By attaching to the crystals, biphosphonates prevent their aggregation and growth. At high doses, their effect is to prevent the development of calcifications and reversion effects have been observed in vivo and in vitro.

The invention has the advantage of implementing a known technology for the purposes of treatment, but also of prevention, of atheroma, but which had never been envisaged in the context of this disease. The use of bisphophonate leads to effective treatment and prevention, doubled by effects as described above, complementary and unexpected. To date, no molecule or mechanical treatment has shown any significant effect on arterial calcifications. However, it has been shown that infra-popliteal lesions, which are extremely present in diabetic and renal failure patients, have characteristics different from atheromatous lesions in other territories. These lesions are distinguished by their calcified character, leading to a "stone" of the vessel, its occlusion and clinically at a high risk of major amputation (leg and thigh).

The invention also relates to a method of therapeutic treatment using a device of the invention as described above. This method aims in particular at least partial disappearance of atheromas or intra-arterial calcium plaques, for the treatment of atherosclerosis, but also the preventive treatment of such plaques.

The method of placing the active balloon or active stent with biphosphonates uses the technologies currently used in current clinical practice, which are well known and practiced by those skilled in the art. It is recalled below.

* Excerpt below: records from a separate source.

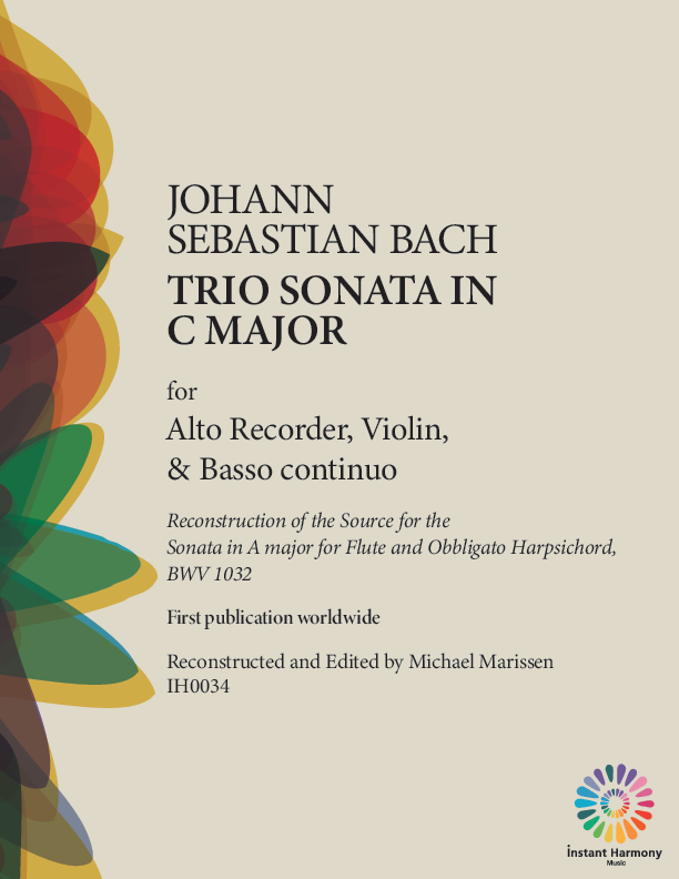 for Alto Recorder, Violin & Basso continuo, reconstruction of the source for the Sonata in A major for Flute and Obbligato Harpsichord, BWV 1032, first publication worldwide, reconstructed and edited by Michael Marissen, BRA-São(...)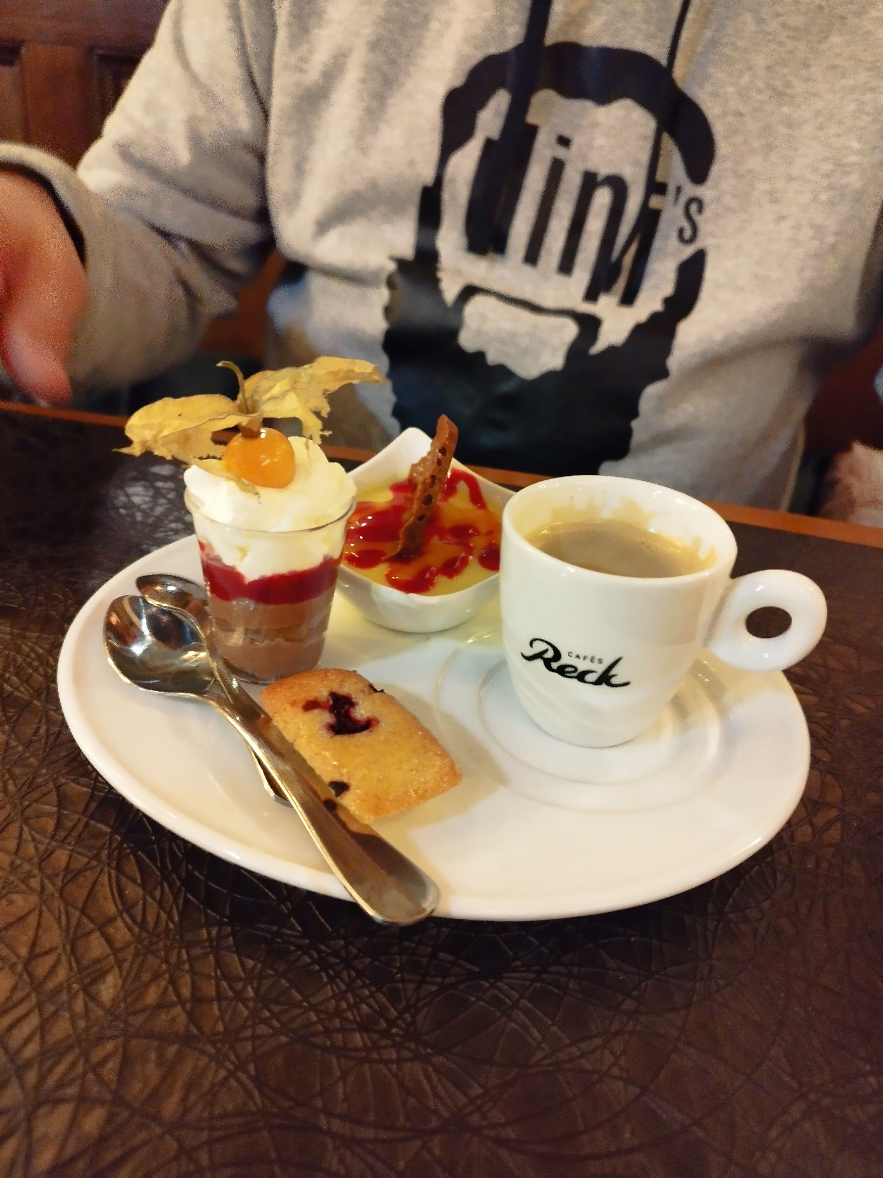 Tartes flambées et desserts très bons! Pas eu le temps de prendre des photos des tartes. Un serveur très aimable et l’autre à queue de cheval nettement moins … mais globalement satisfaits
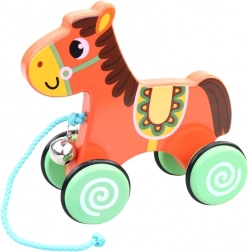 Această jucărie de tras din lemn, în formă de cal, nu doar că oferă distracție, dar stimulează și simțurile datorită clopoțelului, care emite un sunet blând la mișcare. Este fabricată din lemn de calitate și are dimensiunea de 16 cm, făcând-o ușor de manevrat pentru mâinile mici ale copiilor.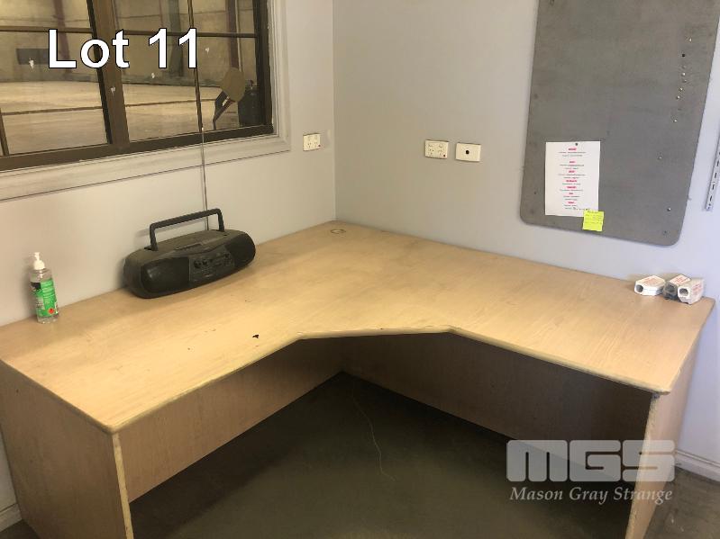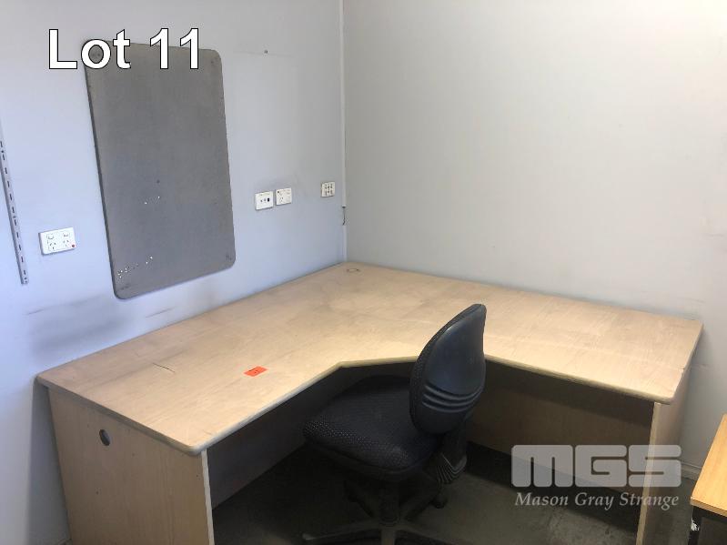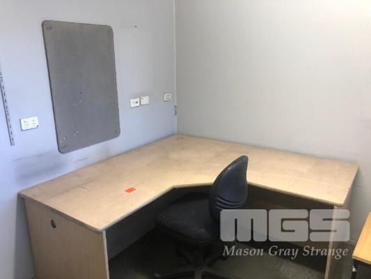 2 x CORNER DESKS, 1800 x 1800mm, GAS LIFT OFFICE CHAIRS, 2 x PINBOARDS & WHITEBOARD, (CONTENTS WAREHOUSE OFFICE)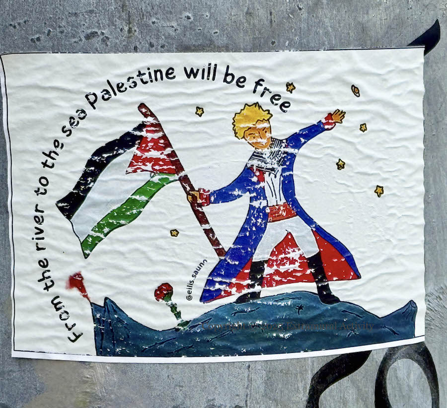 the Little Prince says “From the river to the sea Palestine will be free” (by Ellis Sauno (ig))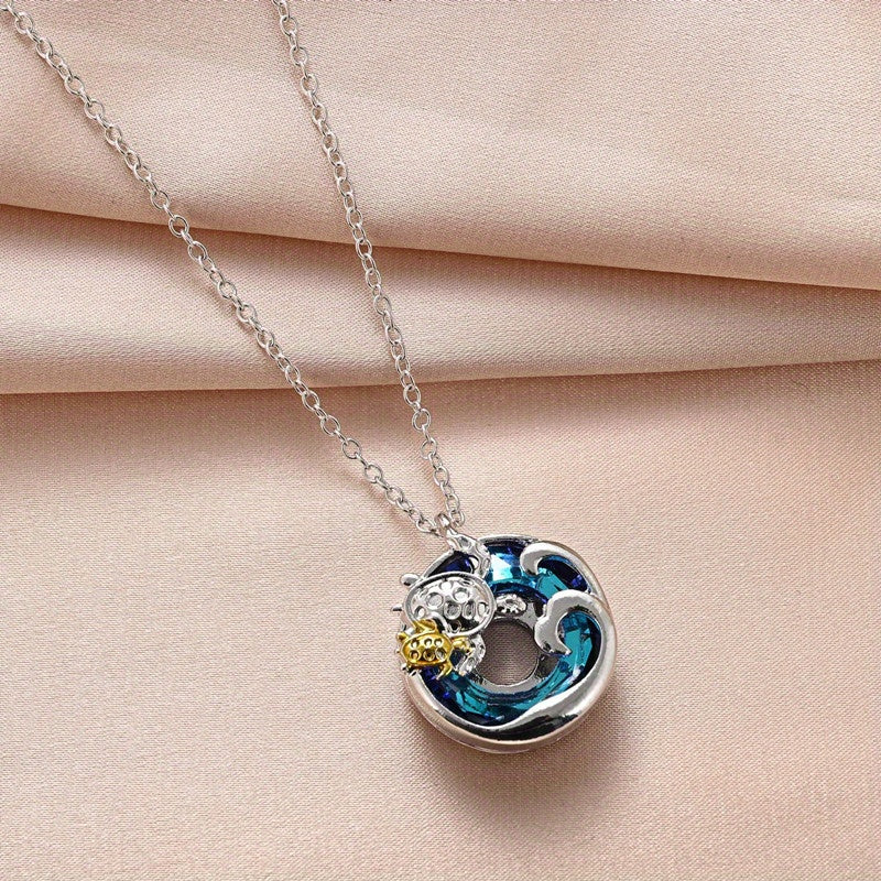 This pendant necklace features a round design with a mother and child turtle motif, making it a meaningful and stylish accessory for men.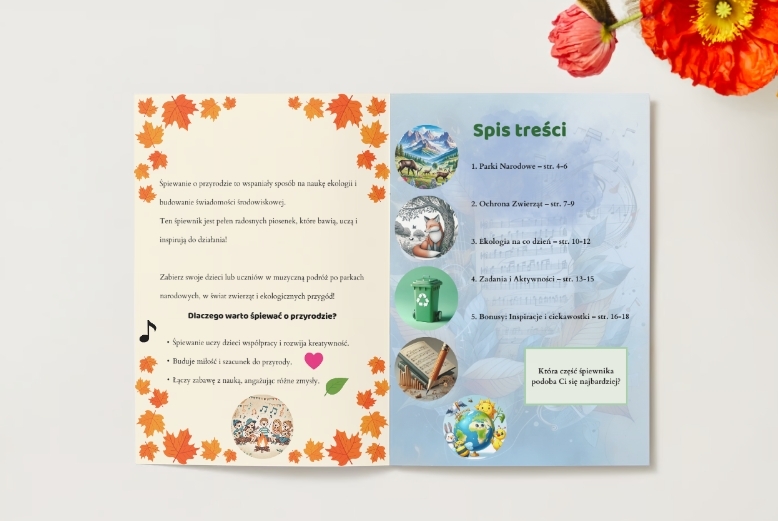 Odkryj wyjątkowy „Śpiewnik Przyrodniczy” – materiał edukacyjny, który łączy naukę o przyrodzie z radością śpiewania i zabawy! Stworzony z myślą o nauczycielach przedszkoli i szkół podstawowych, wspiera rozwój dzieci w sposób kreatywny i angażujący.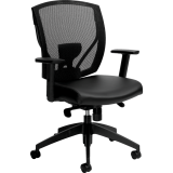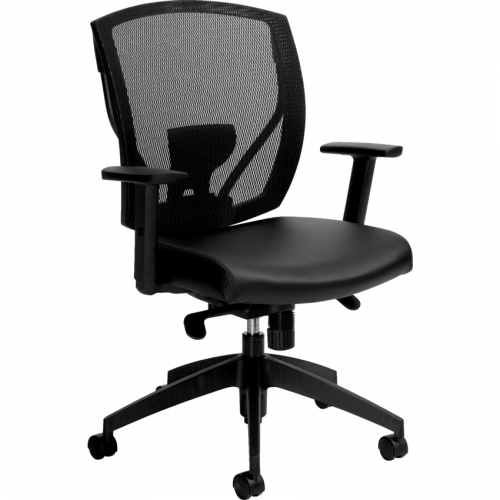 Medium Back. Pneumatic seat height adjustment. Seat range from 16-1/2" to 20-1/2". Back tilts 2 degrees for every 1 degree the seat tilts. Waterfall seat edge. Multi position tilt lock & tilt tension adjustment. Lumbar support with height adjustment. TIlt tension adjustment. Height adjustable arms with durable self-skinned urethane armcaps. Dual wheel carpet casters. 51 lbs. 26"W x 26-1/2"D x 39-1/2"H. Assembly not included. Mesh back and Leather seat. Luxhide. Black.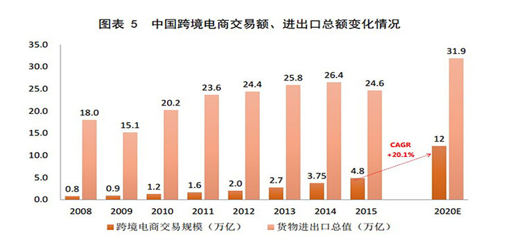 數(shù)據(jù)顯示,預(yù)計(jì)到2020年,中國跨境電商交易規(guī)模將達(dá)12萬億元,占中國進(jìn)出口總額的約37.6%;中國跨境電商零售交易額將超過3.6萬億元,年均增幅約37%,預(yù)計(jì)2020年跨境電商零售占比將超過30%。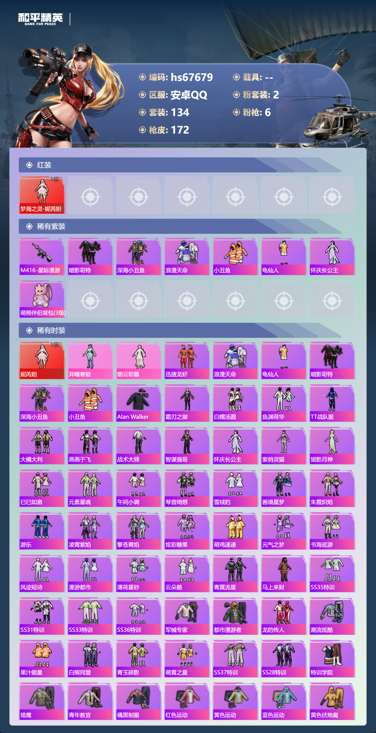 安卓手Q-3王牌印记-1红装-2粉装-6特效枪-47038热力值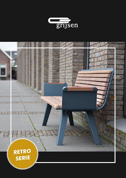 De Retro-serie kenmerkt zich door een stijl uit het verleden, maar dan met een moderne twist. De lijn van straatmeubilair is ontworpen voor een project in het Duitse dorp Alpen. Bij dit project werd de openbare ruimte omgetoverd tot een gezamenlijke huiskamer. De Retro bank vormt de basis van deze lijn: stijlvol en chique. Het meubilair is gemaakt van gepoedercoat staal en is afgewerkt met een zitvlak en rugleuning van hardhout.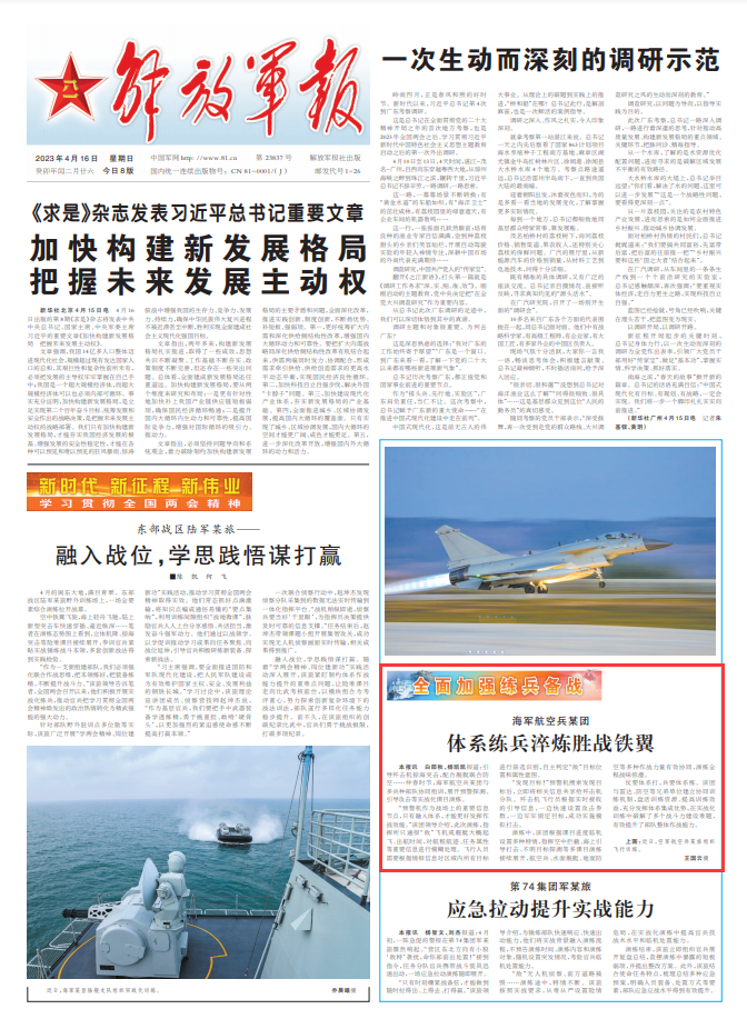 解放军报讯 白邵秋、杨凯凯报道:引导歼击机掠海突击,配合舰艇联合防空……仲春时节,海军航空兵某团与多兵种部队协同组训,展开预警探测、引导攻击等实战化课目演练。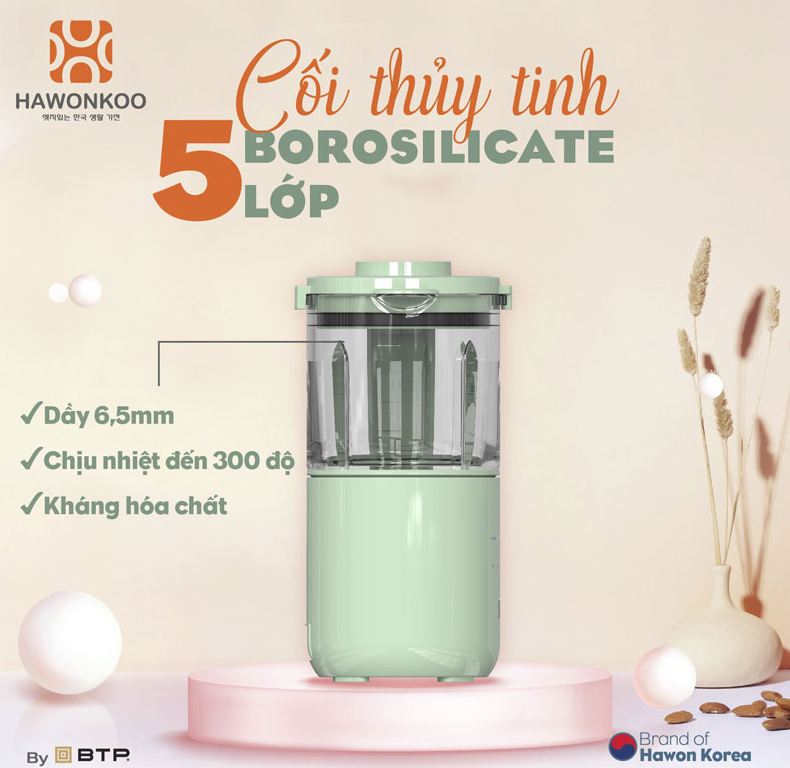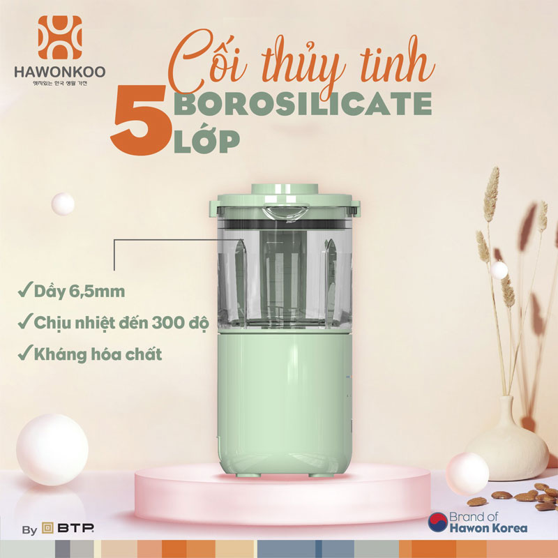 - Các thành phần không chứa chất gây ung thư “PFOA” với inox 304, Thủy tinh Borosilicate 5 lớp, nhựa ABS không chứa chất độc hại cho sức khỏe, độ bền cao, hạn chế bám bẩn và dễ vệ sinh.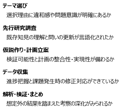 探究活動の指導に”評価”を実装 探究活動において「評価」を行うことの重要性は、別稿「探究のフェイズごとにきちんと評価&フィードバック」で書いた通りです。探究活動は、フェイズが進むと前工程に戻ることが難しい構造のため、教科学習指導以上に「各フェイズでの着実な評価実施」が不可欠です。評価を行うためには、評価の基準(観点別に整理した段階的な評価規準=ルーブリック)に加えて、評価の機会が不可欠。探究活動では、成果物以上に、プロセスに焦点… 2026年4月9日 続きを読む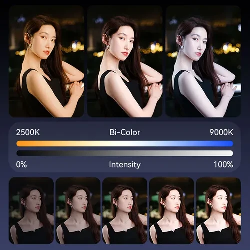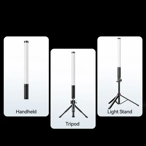 La Ulanzi VL119 RGB LED Light Wand es una solución de iluminación versátil y ligera diseñada para fotógrafos, camarógrafos y creadores de contenido. Está equipada con 114 LED de alto rendimiento cromático, tiene una precisión cromática CRI 95 y su amplio ángulo de emisión de 120° proporciona un brillo de hasta 105 lux a 1 metro. Los controles integrados permiten ajustar con precisión el color, la intensidad (de 0 a 100 %) y la temperatura de color mediante la pantalla LCD integrada. Se alimenta mediante una batería recargable integrada que proporciona hasta 70 minutos de funcionamiento continuo a plena potencia y admite la recarga a través de USB-C durante su uso. Pesa menos de media libra y mide 19,7 pulgadas. Emite una luz amplia y uniforme, ideal para retratos, retransmisiones en directo e iluminación ambiental.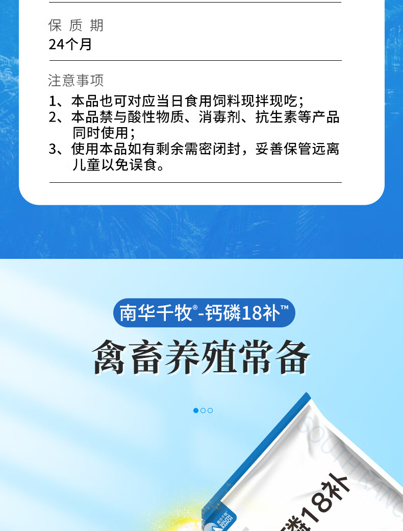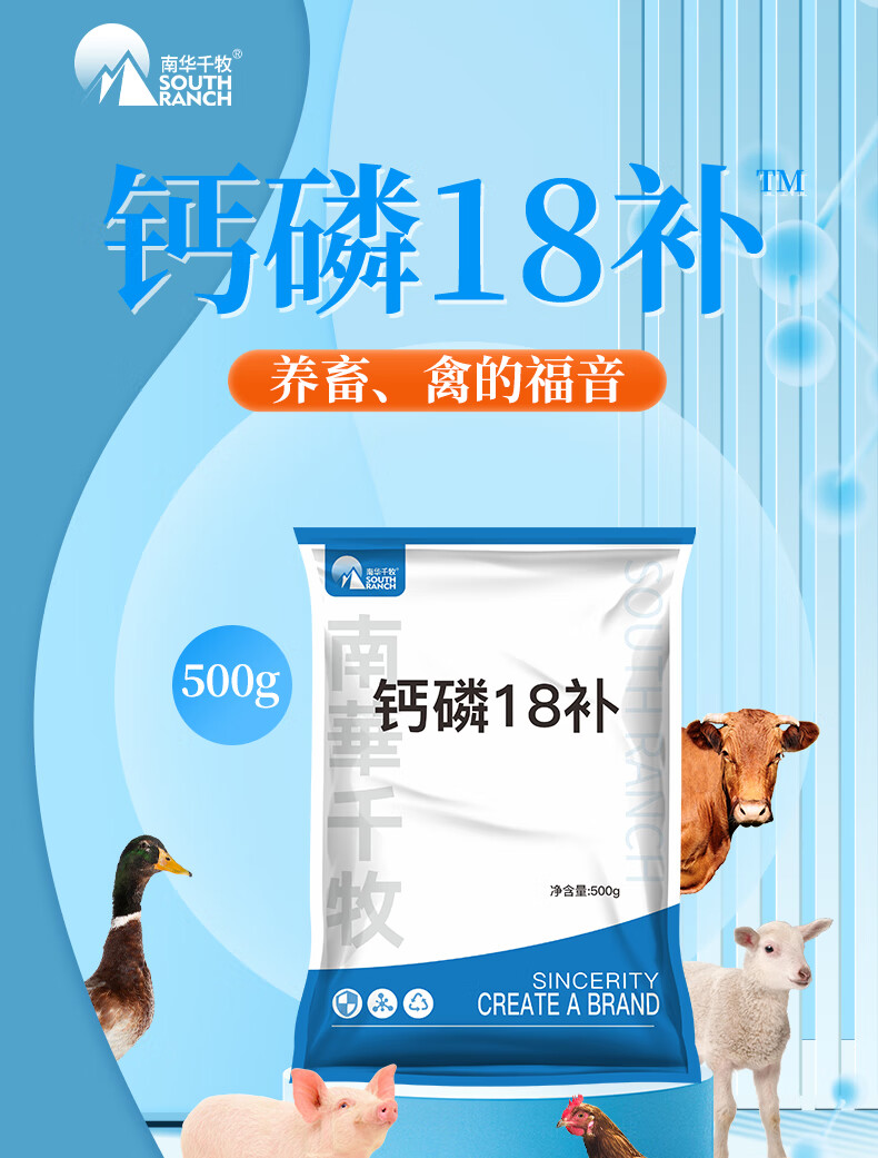 Nanhua Qianmu calcium and phosphorus 18 supplements for veterinary use multi-dimensional calcium and phosphorus quick supplement for pigs, cattle, sheep, chickens, ducks and geese livestock and poultry trace element feed additives calcium and phosphorus 18 supplements 500g*1 bag

By percutaneous approach, a typically femoral arterial puncture will be performed in an anterograde manner (it is pricked down ie in the direction of flow). A guide is introduced into the artery, breadcrumb that guarantees to be in the light. Then an introducer will make it possible to stabilize this arterial access and its internal lumen is large enough to accept the passage of material of larger caliber like balloon and stent. The lesion to be treated is identified by arteriography: injection of radiopaque product and acquisition of this injection by a radiology device such as an image intensifier used in the operating room. Once the lesion has been identified, the balloon or stent is brought into contact with this lesion according to the technical choice of the operator and the lesion is treated. A control arteriography allows to judge the final quality of the gesture. The patient is then treated with a drug of the anti-platelet aggregating type as is the case for the placement of a conventional stent or after angioplasty.

Claims (10)

1. Intra-arterial medical device comprising an active principle chosen from bisphosphonates. 2. Device according to claim 1, characterized in that the active principle is chosen from etidronic acid, chlodronic acid, tiludronic acid, pamidronic acid, alendronic acid, risedronic acid, ibandronic acid, zoledronic acid, the salts of any of these acids, and mixtures of these acids and / or these salts. 3. Device according to claim 2, characterized in that the active principle is etidronate disodium. 4. Device according to any one of the preceding claims, characterized in that it comprises at least one other active principle, for example paclitaxel. 5. Device according to any one of the preceding claims, characterized in that it is chosen from balloons and stents. 6. Device according to any one of the preceding claims, characterized in that it comprises a matrix in which said active principle is incorporated and from which it can be released in contact with an arterial wall. 7. Device according to claim 6, characterized in that the matrix is chosen from lipophilic polymers, phospholipids. 8. Device according to claim 7, characterized in that the matrix is chosen by the liposomes. 9. Device according to any one of the preceding claims, characterized in that the concentration of active principle ranges from 3 to 9 pg / mm ² . 10. Device according to any one of the preceding claims, characterized in that the weight ratio of the active ingredient (s) to the matrix is at least 0.1 and / or at most 0.5.